È il suo primo film in Italia. Che esperienza è stata dopo tanti anni che ha vissuto all’estero?
L’Italia ha rappresentato per me un po’ come chiudere un cerchio durato più di dieci anni, che mi ha
fatto toccare molti Paesi e persone diverse. Dopo questo periodo però credo sia venuto il momento di
riaprire nuovi cerchi: mi sono avvicinato produttivamente al cinema spagnolo e a Madrid, città dove
mi sto trasferendo
Il film è girato prevalentemente in una cantina. Il sentimento di claustrofobia che traspare
dalle immagini è metafora di quei sentimenti angosciosi e negativi che tentiamo di opprimere
dentro di noi. Ma alla fine, secondo lei, esplodono sempre come succede ai protagonisti del
film?
Il film è tutto sulla claustrofobia essendo ambientato completamente nella testa del protagonista. Mi
interessava ciò che c’è sotto la pelle e ciò che credo prima o poi venga sempre a galla. Un film su ciò
che non diciamo: per questa ragione c’è un parallelismo sottile tramite la radio tra la vicenda molto
personale, claustrofobica di questa famiglia e il Paese Italia, il suo passato e le cose che non vengono
dette
Secondo quali criteri è stata fatta la scelta degli attori?
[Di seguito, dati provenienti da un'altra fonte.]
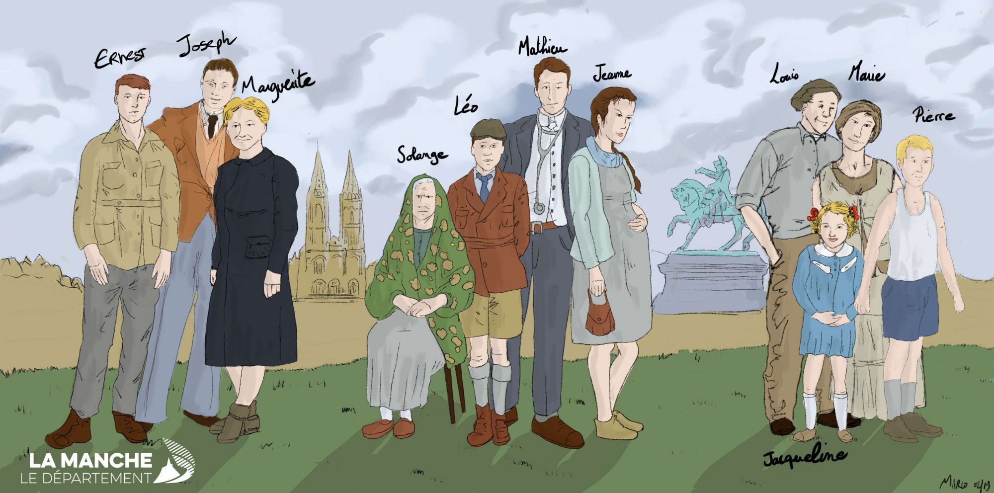 Non, une partie de ma famille vit un peu partout dans la Manche. Il y a ma grand-mère, Solange, la mère de Papa qui vit à Saint-Lô. Son mari est mort à Verdun et je ne l’ai jamais connu. D’ailleurs on en parle peu à la maison. Il y a la sœur de Papa, Marguerite, qui est mariée à Joseph : ils ont eu un fils, Ernest, mon cousin. J’ai une autre tante, Marie, la sœur de Maman, qui exploite une ferme avec mon oncle Louis à Tribehou, pas très loin de Saint-Lô. On est très proches d’eux et j’adore leur rendre visite à la ferme pour jouer dans les champs avec mes cousins Pierre et Jacqueline.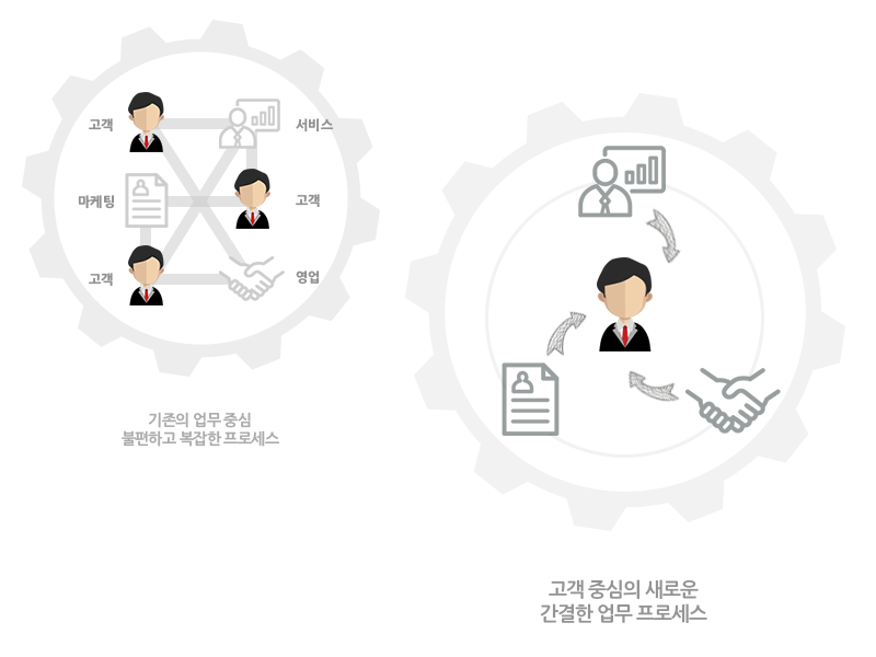 표준화된 프로세스를 제공하여 고객을보다 효율적으로 관리 하실수 있게 도와드립니다.기업은 CRM 도입을 통해 매출, 수익률, 고객만족도를 증가 시키고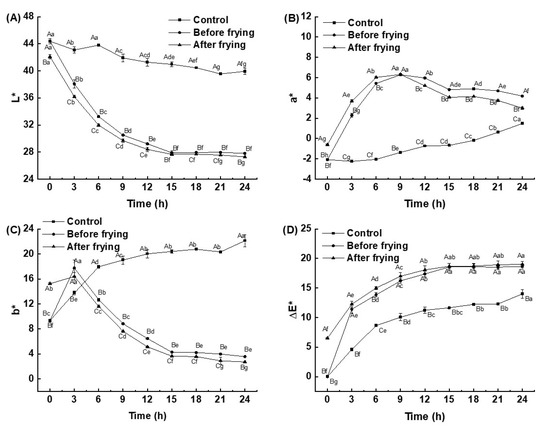 Changes in L* values (A), a* values (B), b* values (C), and ΔE* values (D) of high-oleic sunflower oil after different frying times. Note: Different lowercase letters indicated that there were significant differences among the samples prepared with the same deep-frying treatment and different frying times (p < 0.05), and different capital letters indicated that there were significant differences among the samples prepared with the same deep-frying time and different deep-frying treatments (p < 0.05).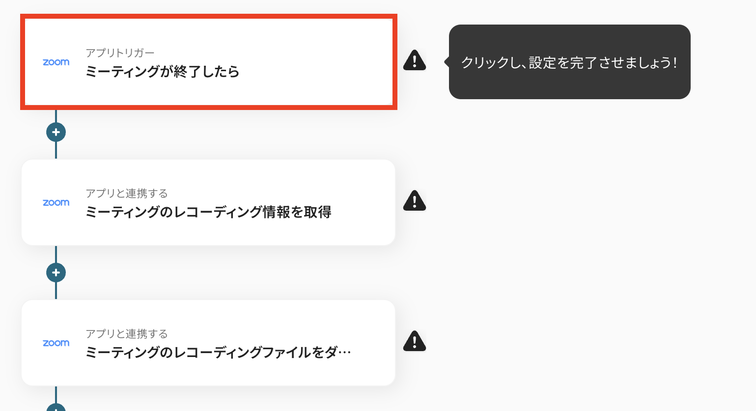 それではここから代表的な例として「Zoomの定例ミーティングが終了したら自動で議事録を作成し、その内容をTrelloカードとして登録する」フローを解説していきます!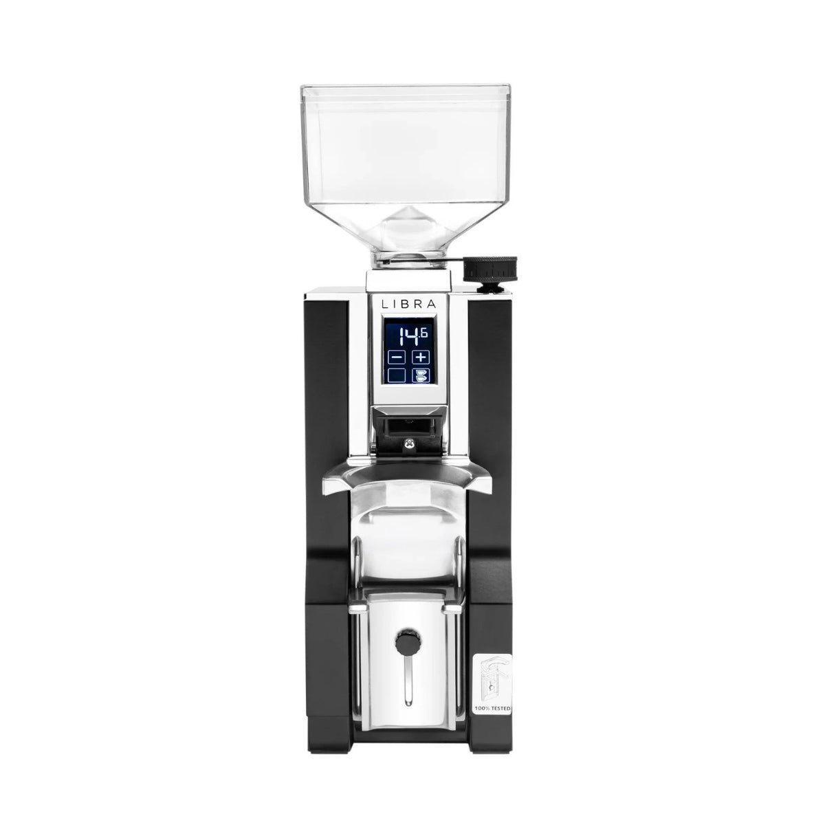 At the heart of the Libra is a set of 55 mm hardened steel flat burrs, engineered to produce uniform particle distribution for balanced extraction and rich flavour clarity. The integrated weighing system automatically stops grinding once the target dose is reached, eliminating guesswork and reducing coffee waste. This makes the Libra ideal for home baristas seeking café level results, as well as low volume commercial settings where speed and consistency matter.

Non conoscendo il cinema italiano recente ho dovuto vedere per il casting molti film e mi hanno
subito colpito questi tre attori. Il rapporto poi è stato molto normale: ho inviato ai loro agenti la
sceneggiatura e le cose che avevo fatto, ci siamo incontrati, conosciuti e da lì è nata la voglia di
confrontarsi con questo film.
“La cosa brutta è che in famiglia ci si perdona sempre tutto”. Da questa frase, detta da uno dei
personaggi, nasce il desiderio di fare chiarezza tra gli scatoloni nascosti in cantina. È da qui
che nasce l’idea del film?
Esattamente dalla frase che lei ha citato, è una frase vera pronunciata da mia sorella durante un
Natale, l’elemento scatenante di questo film. Grazie a quel “pungolo” si è creata una crepa nelle cose
accumulate dentro da anni e, come una diga che straripa, in meno di un mese la sceneggiatura era
pronta.
Come è avvenuto l’incontro con il produttore Louis Nero?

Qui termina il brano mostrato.